What to do
What is needed is an exact reproduction of the lines in the records below, starting at the line with "Parlak altın renkli, 15x21" and ending at the line with "5、准备好资料后,就点击申报,然后进入以下界面,按照要求填写相关信息。", both included, and nothing else; pictures stay out.

Records for the task
::::
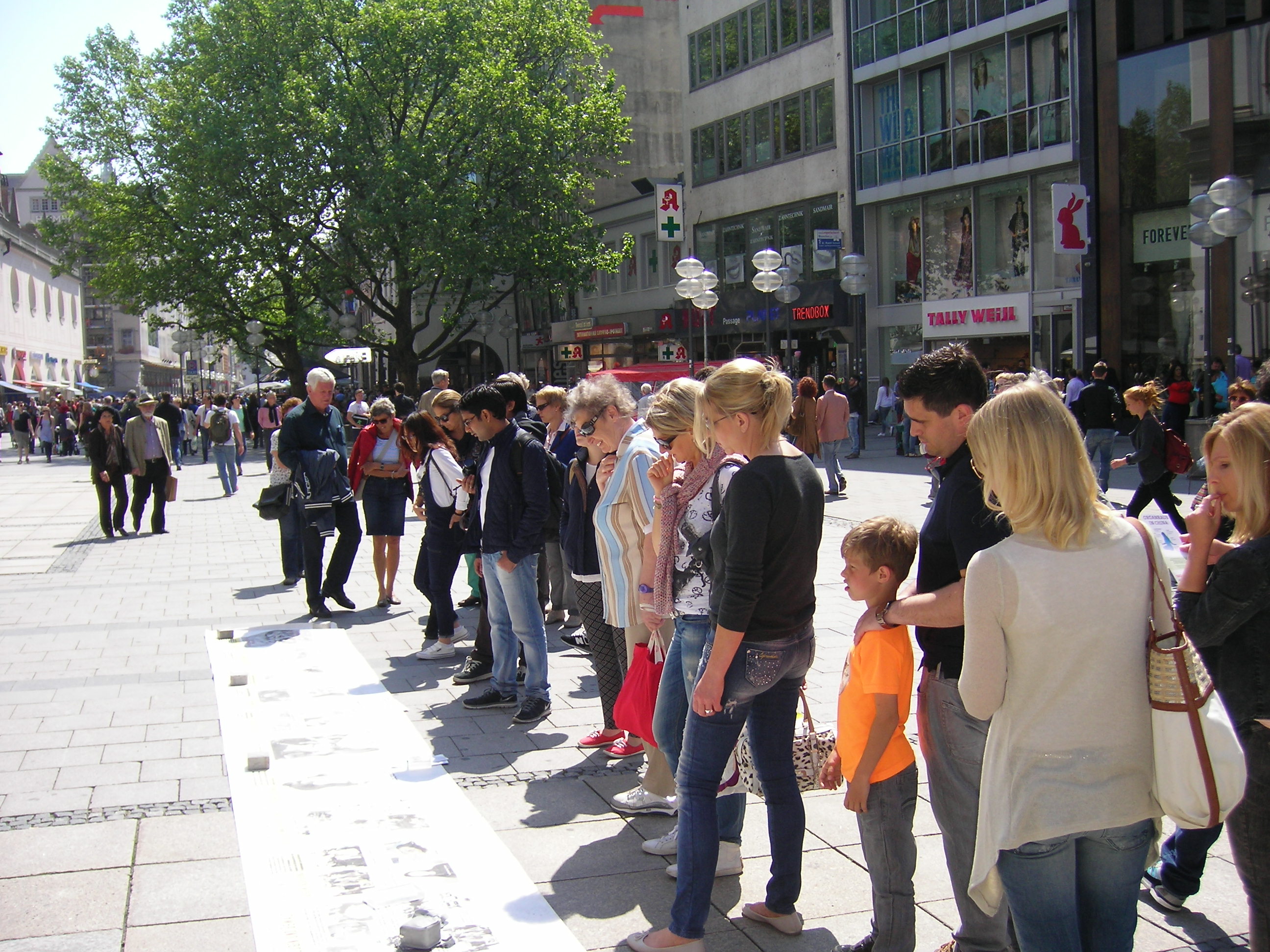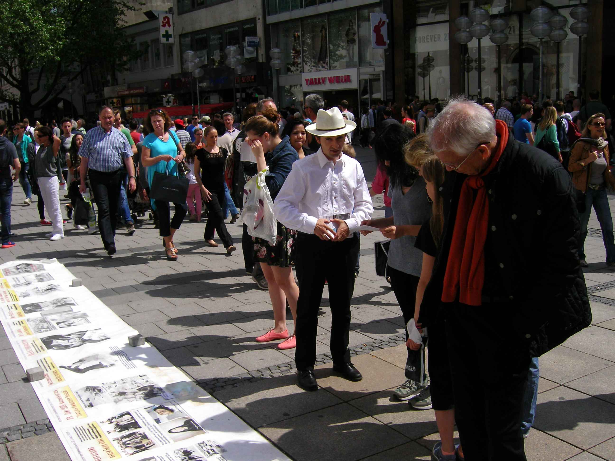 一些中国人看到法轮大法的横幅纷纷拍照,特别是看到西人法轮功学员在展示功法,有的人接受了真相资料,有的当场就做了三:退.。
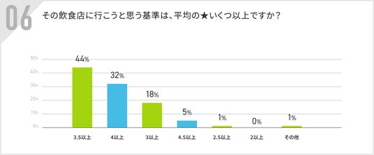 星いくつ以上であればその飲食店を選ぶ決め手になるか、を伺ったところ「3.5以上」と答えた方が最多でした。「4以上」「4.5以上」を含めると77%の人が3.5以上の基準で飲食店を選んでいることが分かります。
::::
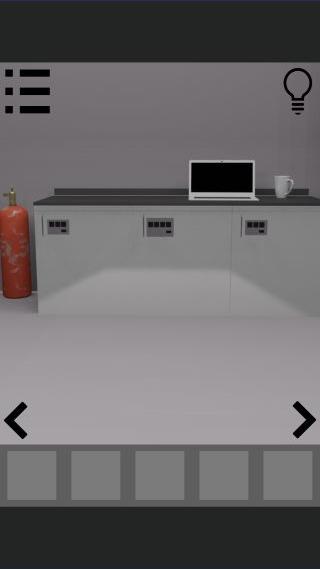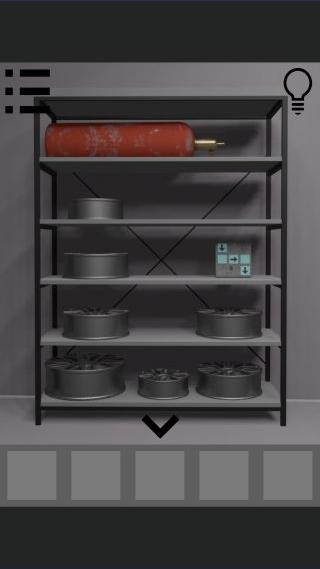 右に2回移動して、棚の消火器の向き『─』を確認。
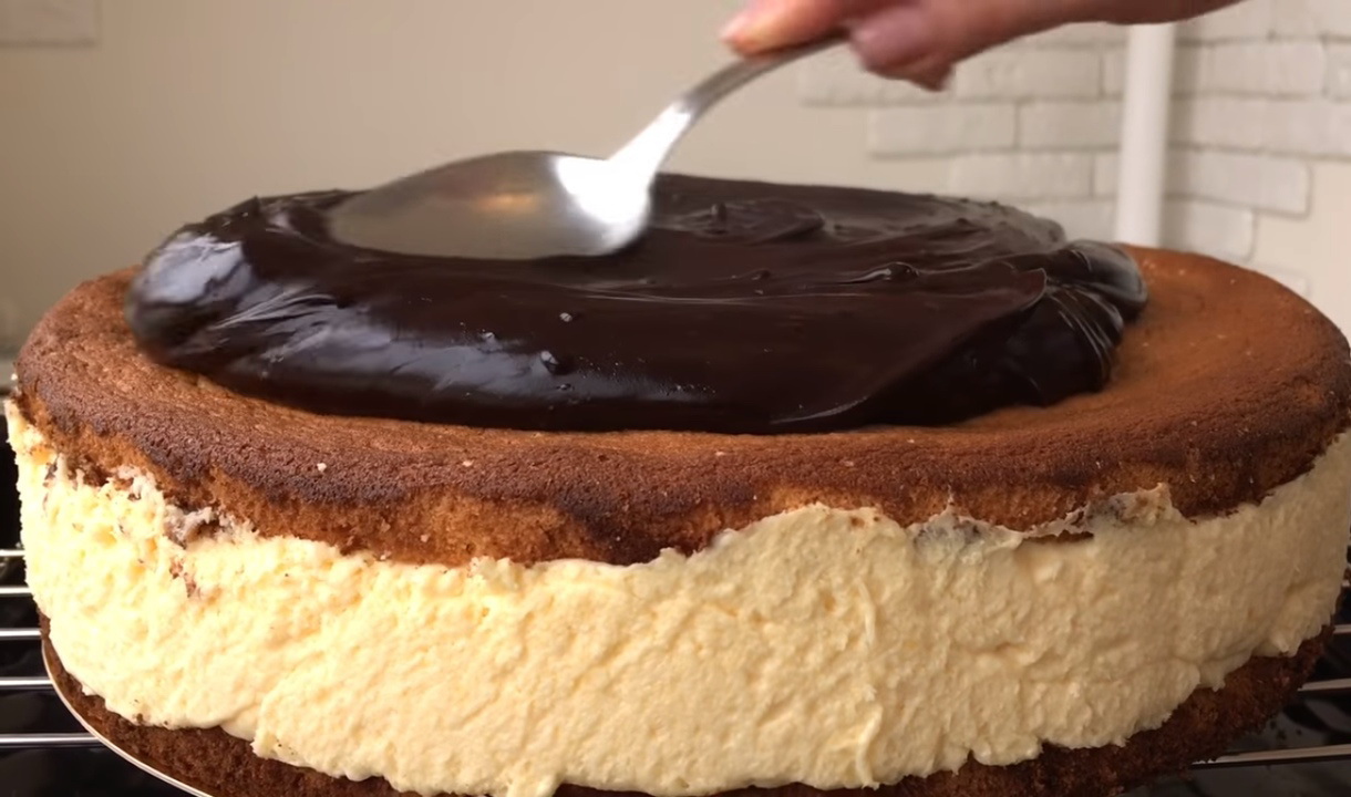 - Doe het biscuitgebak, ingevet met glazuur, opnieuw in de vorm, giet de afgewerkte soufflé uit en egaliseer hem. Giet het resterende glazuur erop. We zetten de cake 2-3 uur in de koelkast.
::::
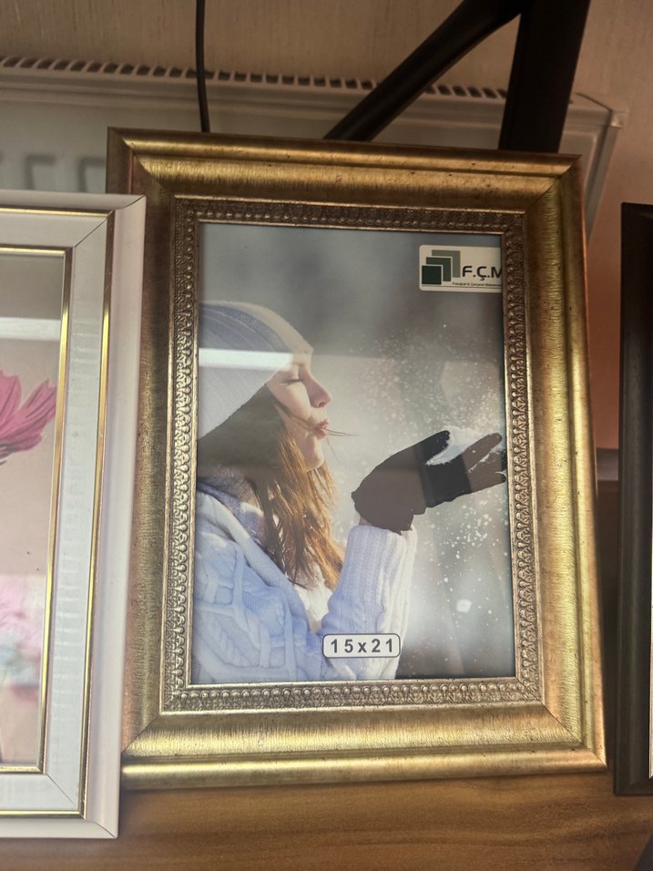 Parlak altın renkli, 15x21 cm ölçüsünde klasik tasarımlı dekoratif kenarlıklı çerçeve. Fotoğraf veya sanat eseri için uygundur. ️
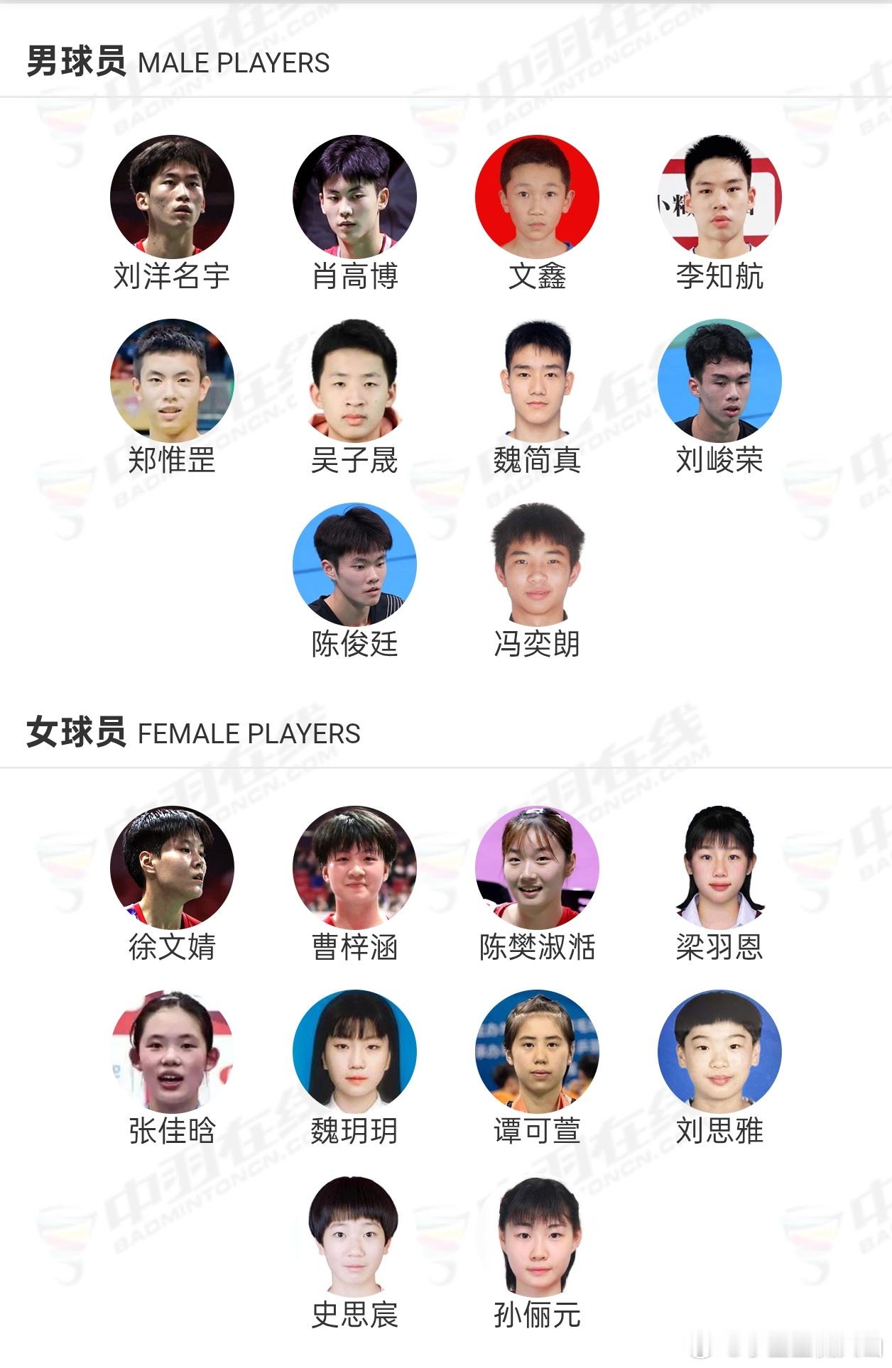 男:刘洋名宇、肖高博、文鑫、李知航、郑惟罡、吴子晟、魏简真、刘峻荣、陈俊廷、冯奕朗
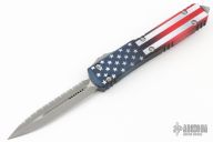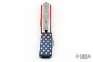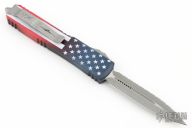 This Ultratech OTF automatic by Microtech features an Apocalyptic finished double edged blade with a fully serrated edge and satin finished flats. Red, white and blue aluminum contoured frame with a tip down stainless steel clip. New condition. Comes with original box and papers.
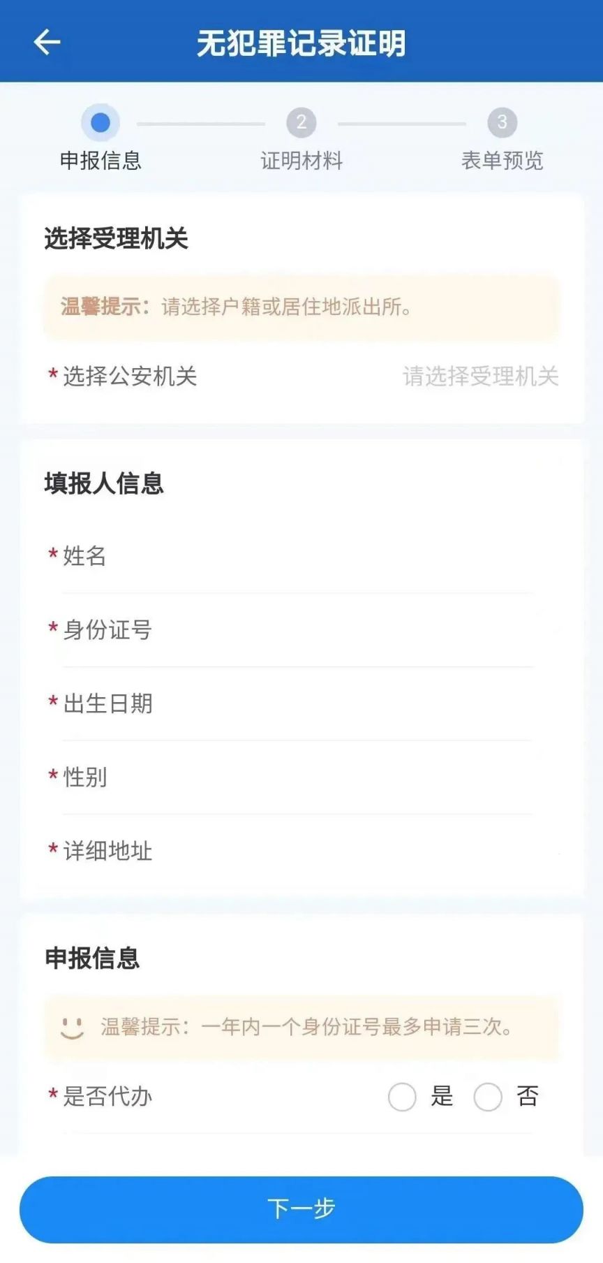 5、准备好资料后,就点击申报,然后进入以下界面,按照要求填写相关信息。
::::
Expected output
 Parlak altın renkli, 15x21 cm ölçüsünde klasik tasarımlı dekoratif kenarlıklı çerçeve. Fotoğraf veya sanat eseri için uygundur. ️
 男:刘洋名宇、肖高博、文鑫、李知航、郑惟罡、吴子晟、魏简真、刘峻荣、陈俊廷、冯奕朗
 This Ultratech OTF automatic by Microtech features an Apocalyptic finished double edged blade with a fully serrated edge and satin finished flats. Red, white and blue aluminum contoured frame with a tip down stainless steel clip. New condition. Comes with original box and papers.
 5、准备好资料后,就点击申报,然后进入以下界面,按照要求填写相关信息。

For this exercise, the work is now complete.